══ SOURCE MATERIAL

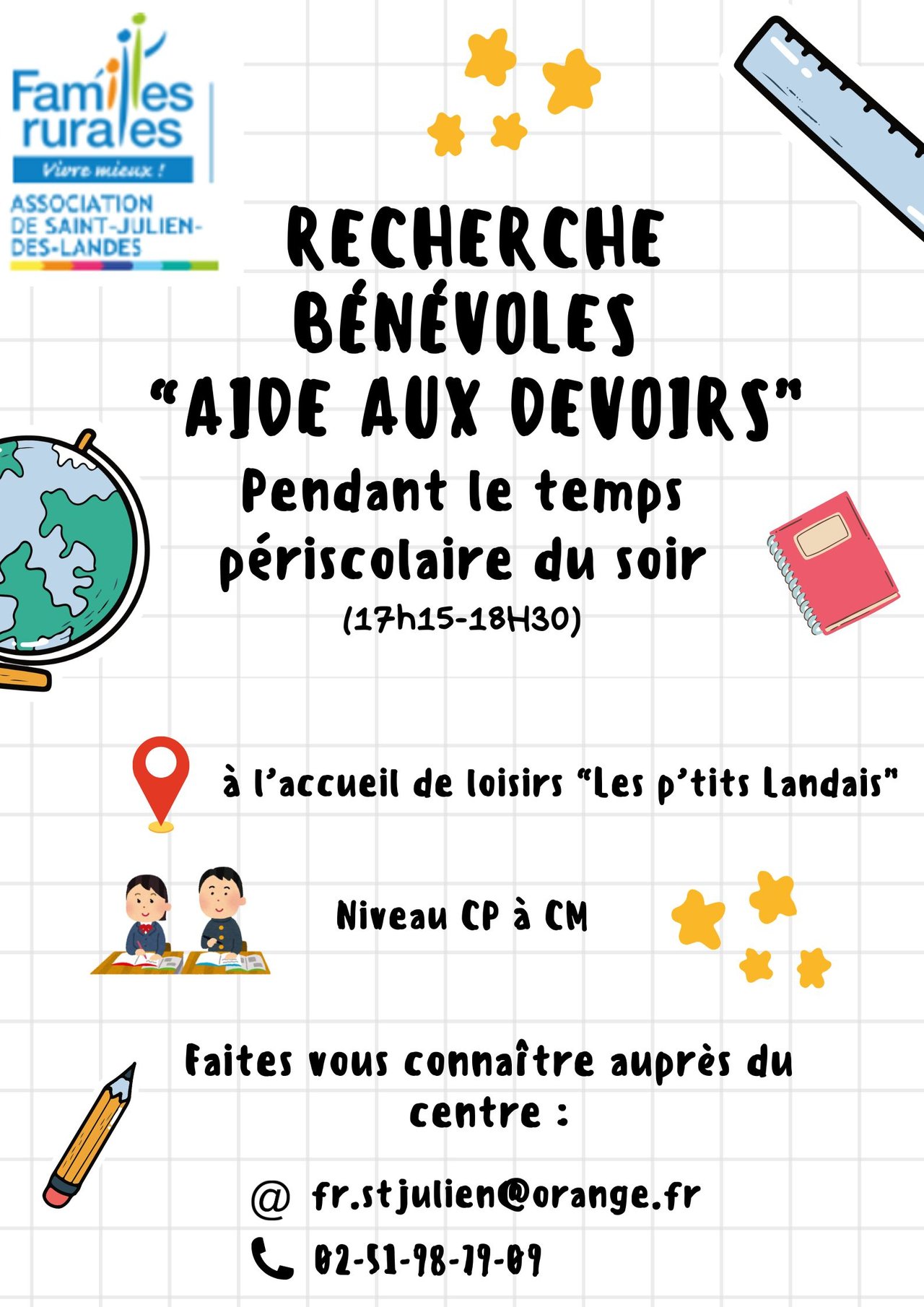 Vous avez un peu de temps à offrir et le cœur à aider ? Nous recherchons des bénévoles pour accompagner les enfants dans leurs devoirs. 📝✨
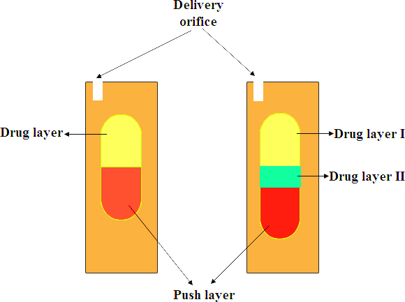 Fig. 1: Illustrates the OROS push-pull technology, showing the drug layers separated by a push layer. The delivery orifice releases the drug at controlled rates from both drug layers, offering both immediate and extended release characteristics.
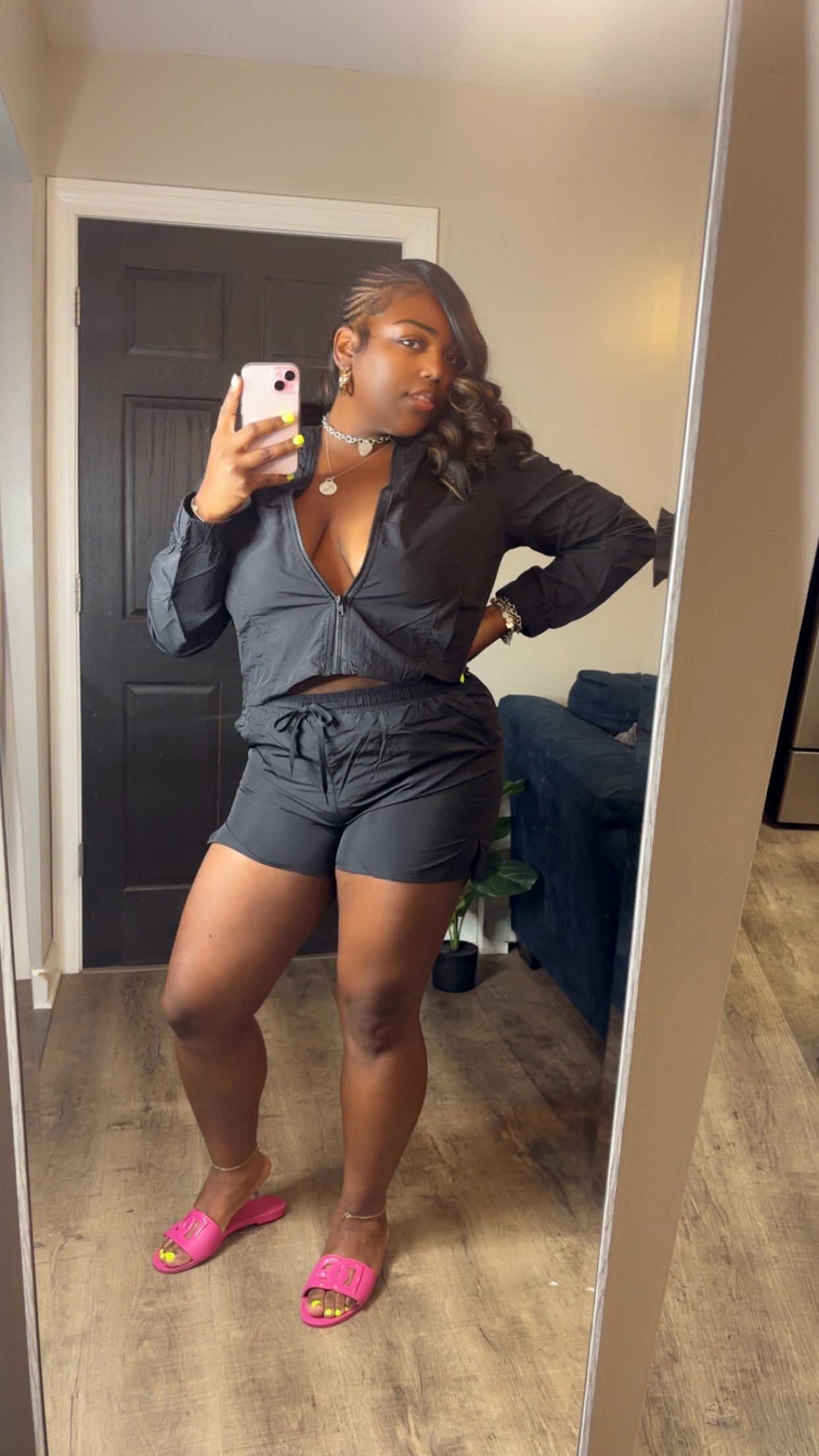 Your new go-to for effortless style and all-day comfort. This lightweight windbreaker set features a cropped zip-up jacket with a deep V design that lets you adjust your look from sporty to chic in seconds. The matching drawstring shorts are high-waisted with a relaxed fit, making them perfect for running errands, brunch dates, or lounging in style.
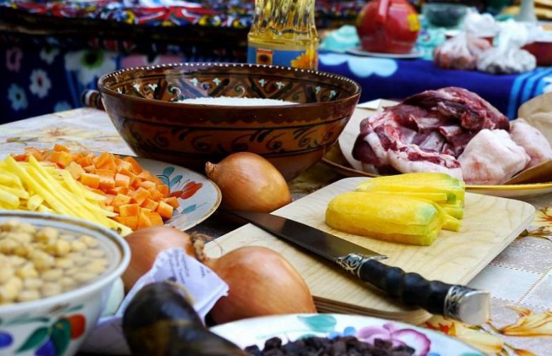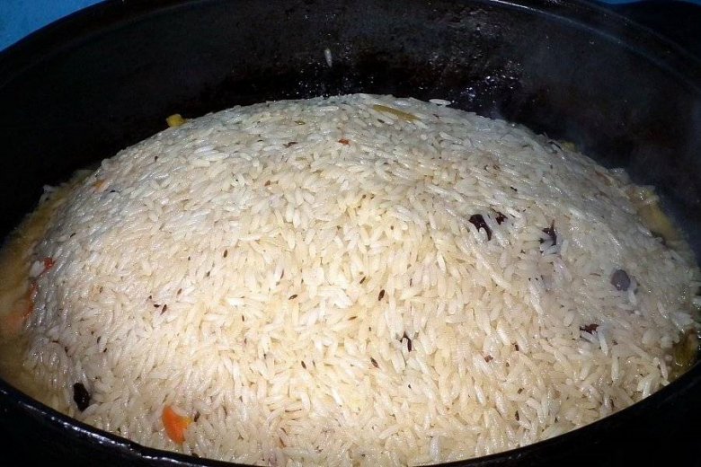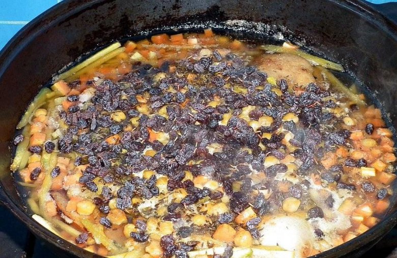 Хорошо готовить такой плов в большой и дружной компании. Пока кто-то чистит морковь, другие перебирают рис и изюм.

════
══ SOURCE MATERIAL

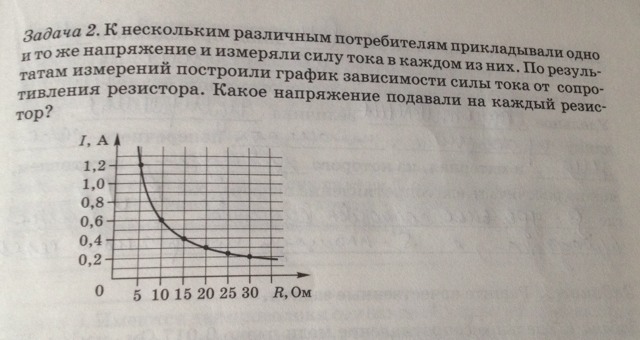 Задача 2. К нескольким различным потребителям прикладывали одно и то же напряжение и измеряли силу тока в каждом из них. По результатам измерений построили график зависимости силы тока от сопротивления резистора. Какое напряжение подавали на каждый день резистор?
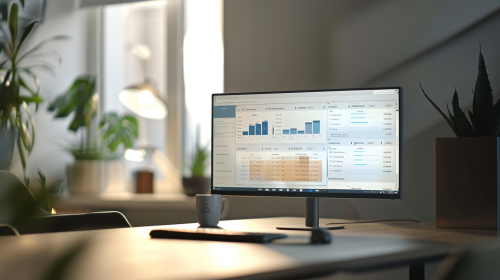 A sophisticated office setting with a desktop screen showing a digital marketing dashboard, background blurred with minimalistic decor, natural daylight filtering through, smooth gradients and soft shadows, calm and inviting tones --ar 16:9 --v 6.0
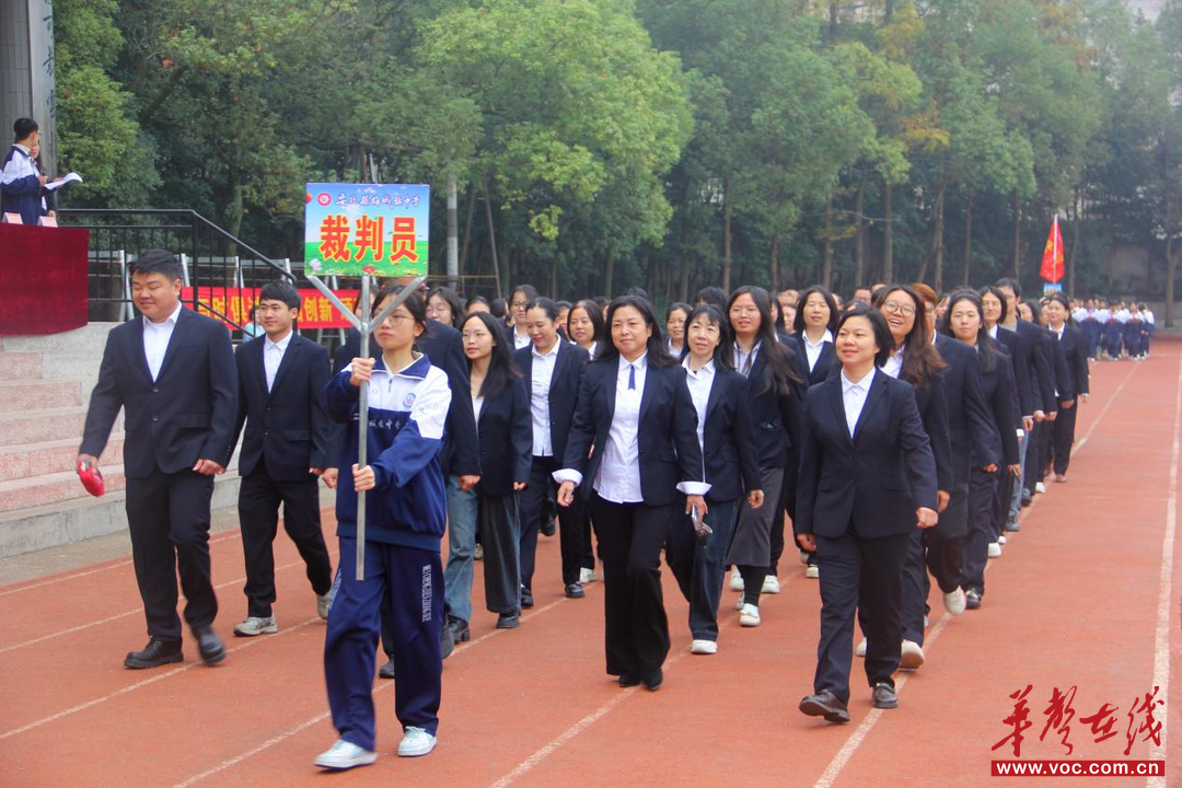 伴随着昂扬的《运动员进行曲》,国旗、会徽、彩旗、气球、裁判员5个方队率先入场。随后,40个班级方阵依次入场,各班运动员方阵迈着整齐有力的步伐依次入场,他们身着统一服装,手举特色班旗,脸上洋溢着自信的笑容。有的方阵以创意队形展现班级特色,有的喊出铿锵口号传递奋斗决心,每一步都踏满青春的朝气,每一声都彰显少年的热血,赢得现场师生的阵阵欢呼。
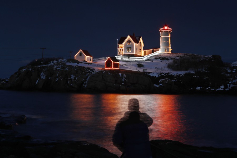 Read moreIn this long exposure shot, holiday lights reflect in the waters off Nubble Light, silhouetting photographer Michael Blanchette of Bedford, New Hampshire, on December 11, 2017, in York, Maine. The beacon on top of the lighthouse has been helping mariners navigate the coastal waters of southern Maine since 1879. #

════

→ **TASK DIRECTIONS**: What is needed is an exact copy of the lines above from the one with "Задача 2. К" to the one with "Read moreIn this", both ends kept, and nothing more; please leave the pictures out.

→ **TASK RESPONSE**:
 Задача 2. К нескольким различным потребителям прикладывали одно и то же напряжение и измеряли силу тока в каждом из них. По результатам измерений построили график зависимости силы тока от сопротивления резистора. Какое напряжение подавали на каждый день резистор?
 A sophisticated office setting with a desktop screen showing a digital marketing dashboard, background blurred with minimalistic decor, natural daylight filtering through, smooth gradients and soft shadows, calm and inviting tones --ar 16:9 --v 6.0
 伴随着昂扬的《运动员进行曲》,国旗、会徽、彩旗、气球、裁判员5个方队率先入场。随后,40个班级方阵依次入场,各班运动员方阵迈着整齐有力的步伐依次入场,他们身着统一服装,手举特色班旗,脸上洋溢着自信的笑容。有的方阵以创意队形展现班级特色,有的喊出铿锵口号传递奋斗决心,每一步都踏满青春的朝气,每一声都彰显少年的热血,赢得现场师生的阵阵欢呼。
 Read moreIn this long exposure shot, holiday lights reflect in the waters off Nubble Light, silhouetting photographer Michael Blanchette of Bedford, New Hampshire, on December 11, 2017, in York, Maine. The beacon on top of the lighthouse has been helping mariners navigate the coastal waters of southern Maine since 1879. #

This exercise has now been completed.